Problem requirements -> The required answer is the run of lines from the one holding "วัดเจ้าแม่กวนอิมรับเสด็จ" to the end of the data below, copied exactly and free of pictures.
=== Data below ===
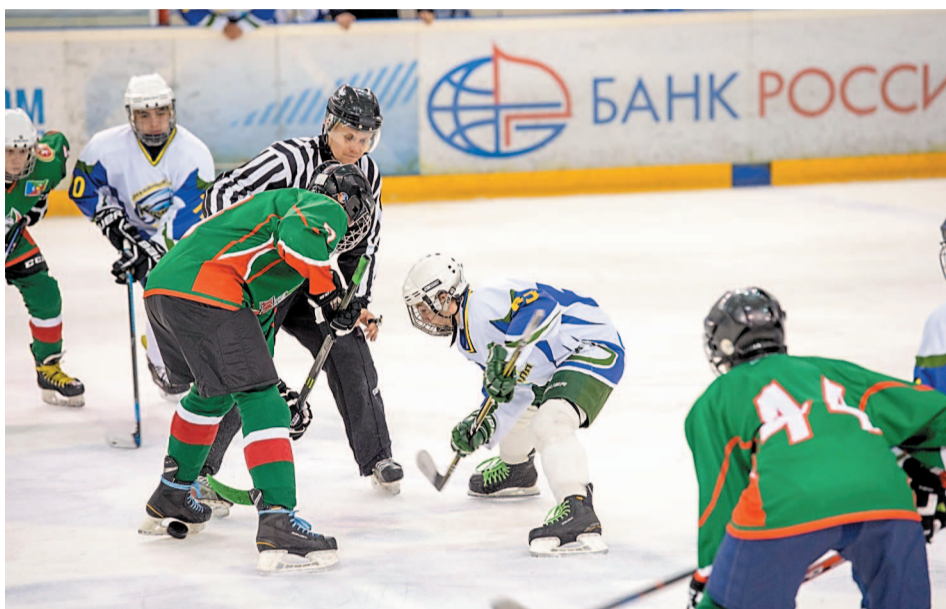
Ледовая арена СКК «Салават» стала хорошей площадкой для всероссийских турниров

В авангарде по традиции и пловцы компании «Агидель-Спутник». Они регулярно «заплывают» на различные пьедесталы почета. Начиная от соревнований республиканского уровня, где иногда их просто сложно сосчитать, до самых значительных высот. Так, на Чемпионате России по плава-
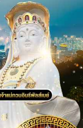
วัดเจ้าแม่กวนอิมรับเสด็จ
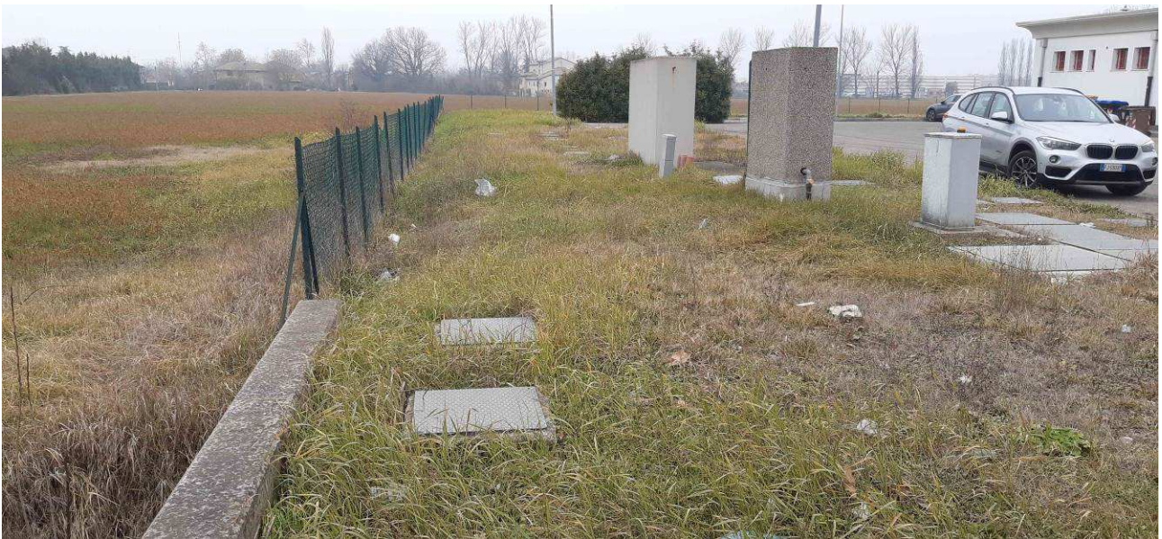
Fotografia 6 – Pozzetti acque bianche e di immissione in fosso stradale
===
The answer ->
วัดเจ้าแม่กวนอิมรับเสด็จ
Fotografia 6 – Pozzetti acque bianche e di immissione in fosso stradale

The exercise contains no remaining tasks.